Then the dash, will be "extended" to the side for housing controls and such that will be OUT from the front mounted "dash" and have all the extra components inside with the wires seen from the extension dash to the item it is to control as well as any pipe work for say the NOS system, that the motor has all that piping on it, right now, not yet pictured! A few ideas on how I plan to "run" from the engine to the NOS bottles from the dash extension....Yeah, I got my work cut out for me on the details that would be seen in this whole build, and how to make them "justifiable" to work as seen! 

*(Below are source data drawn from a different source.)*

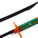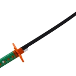 Dit samuraizwaard voor kinderen bootst trouw de legendarische nichirin-stijl na – met een zwart lemmet en een oranje-groene handgreep met geometrisch patroon voor een stevige en comfortabele grip. Het veilige kunststof lemmet met een lengte van ca. 40 cm en een handgreep van ca. 15 cm ondersteunt veilig en creatief spel.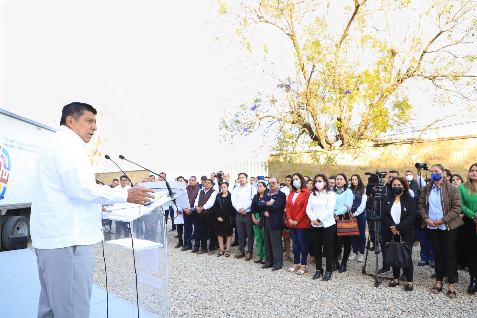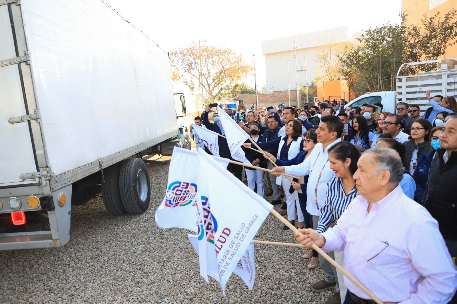 • El Gobernador Salomón Jara Cruz dio el banderazo de salida a 11 unidades que distribuirán medicamentos e insumos a las unidades médicas de las seis jurisdicciones sanitarias de los SSO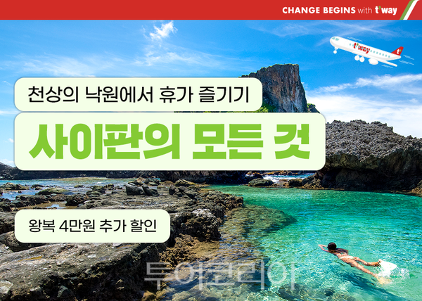 마리아나 관광청은 한국 관광객 유치를 위해 국내 항공사와 손 잡았습니다. 티웨이항공과 공동으로 사이판 노선 여행객을 위한 할인 행사를 펼칠 예정인데요, 인천~사이판 노선을 1인 편도 총액 14만 9,300원부터 판매한다고 합니다. 특히 인천~사이판 왕복 노선 예매에 4만 원 할인 쿠폰도 즉시 제공한다고 하네요. 해당 이벤트를 통한 탑승 기간은 7월 18일까지로, 극성수기 기간을 피해 여행하실 분들은 관심 가지시면 좋을 것 같습니다.

As far as the tracks go, placement, is the key, remember that "pointy" end of the track, "trailing" would get caught up on things if it went under say a crushed auto that it was to jump over.....With the "brute" angle end forward facing, will eliminate this that just a bit.....Not 100% completely but, enough to justify the tracks shape, and placement of the track per corner of the truck!

There are a few more secrets, I have yet to reveal so....Stay tuned LOL


----------



## -Hemi-

I may as well get it added as yet another "update" As I wait for other model assemblies to cure for handling, I keep the ole Doomz Day nearby!










Both REAR track frames, have the rigid roller in place and all supporting details as well. I'm currently awaiting the glue to cure on the lower rollers for placement to these frames! BUT that might prove a few days as it gets pretty intense for those, as they have to be just so, nothing else will do!

As I set and work on others, I went and made ALL the needed parts when I was "designing" and now have them loose "as-needed" during the build, makes for easier assembly time! So, all these little "extra's" make no mistake, they were done BEFORE any of this began going together.....When I know something will work, I run with it, and when I run with a part I'm making, I make SURE I count how many I'll need and then go for "stock" to do ALL of them all in one sitting, or at that very time when the machines are running and the wheels in my head are turning!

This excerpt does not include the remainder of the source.